A camera is mounted on the SEM and images the phosphor screen. The electron beam is focused on a particular point of interest in the sample. The interaction of the beam and the microstructure results in an EBSD image forming on the phosphor screen, which is captured by the camera and then further processed. Depending on the system, the image is typically adjusted for background effects using either a dedicated signal processor or PC software. Ultimately, a digital image of the Kikuchi bands is present in the computer for indexing.
In OIM mapping, a variety of data and parameters are calculated and recorded, including the orientation of the crystal, a quality factor defining the sharpness of the diffraction pattern (IQ), the "confidence index" (CI – patented by TSL) indicating the degree of confidence that the orientation calculation is correct, Hough data, the phase of the material, and the location (in x,y coordinates) where the data was obtained on the specimen, etc.
Large amounts of crystallographic data from a specimen can be collected by positioning the electron beam on the specimen under manual or automatic control and repeating the indexing procedure at each beam position. When under automatic control, the beam can be positioned sequentially on the points of a grid to scan an area of interest on the specimen. This allows data to be collected without any operator intervention after the initial setup. Alternatively, a scan can be performed using automatic stage control.
Visualization of the Microstructure
The stored data (location, orientation, image quality, confidence index, and phase) can be processed to create Orientation Imaging Micrographs, enabling a visual representation of the crystallographic microstructure. Each point can be assigned a color or gray scale value based on a variety of parameters such as orientation, image quality, confidence index, phase, etc.
For example, an orientation map is generated by shading each point in the OIM scan according to some parameter reflecting the crystallographic rotation. The map below and left is an Inverse Pole Figure (IPF) map in which the colors correspond to the crystal orientations as shown in the projection. Crystals with their 111 axis normal to the surface of the sample will be blue, and so on.

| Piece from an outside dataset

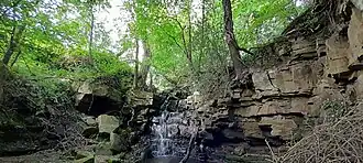 The other can be accessed up a set of small stone stairs from the road on crossing the bridge across the Derwent to the right (east). This path leads along the north bank of the River Derwent, through first a large field on the opposite side of the river to the Shotley Bridge Cricket Club, then a small wooded nature reserve including the artificially created Price Pond (Google Maps) / wetland and stream, a farm at the top of the following hill, and eventually to the Northumberland hamlet of Newlands. This path has the nickname Waterfall Way due to there being one small waterfall on Mere Burn and two on Small Burn close to the Newlands end of the path. The two near Newlands are also referred to as Sisterson Falls with reference to a nearby farm.
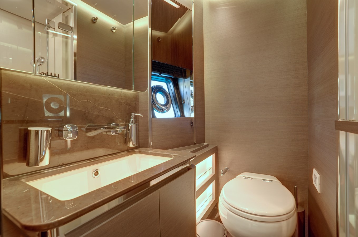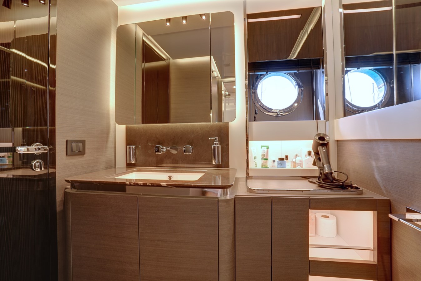 - Wine fridge: 1 x galley floor storage compartment for 24 bottles

A grain boundary map can be generated by comparing the orientation between each pair of neighboring points in an OIM scan. A line is drawn separating a pair of points if the difference in orientation between the points exceeds a given tolerance angle. The map below shows grain boundaries color coded according to the ranges given in the key to the right.
These figures illustrate a side-by-side comparison of optical (left) and OIM micrographs of an intergranular stress corrosion crack in a nickel-based super alloy.
The OIM micrograph is based upon 30,000 local orientation measurements. The underlying determinant of resolution of the crack in the OIM micrograph is the spatial scale of the OIM data. In this example, 5 micron steps separate each point in the grid of orientation measurements. In this OIM micrograph, the gray scale at each point in the image is reflective of the quality of the corresponding EBSP. Dark points are associated with poor patterns while light points are associated with good patterns. The crack is readily apparent in the OIM micrograph due to the dark shaded points resulting from the absence of EBSPs from the cracked region. Grain boundaries with misorientations greater than 5º are overlaid on the gray scale image.
The OIM micrograph accurately reproduces the features visible in the optical micrograph, but contains inherently greater crystallographic detail. The OIM micrograph is based upon quantitative and spatially specific crystallographic data, which can be manipulated and displayed according to the research interests of the scientist.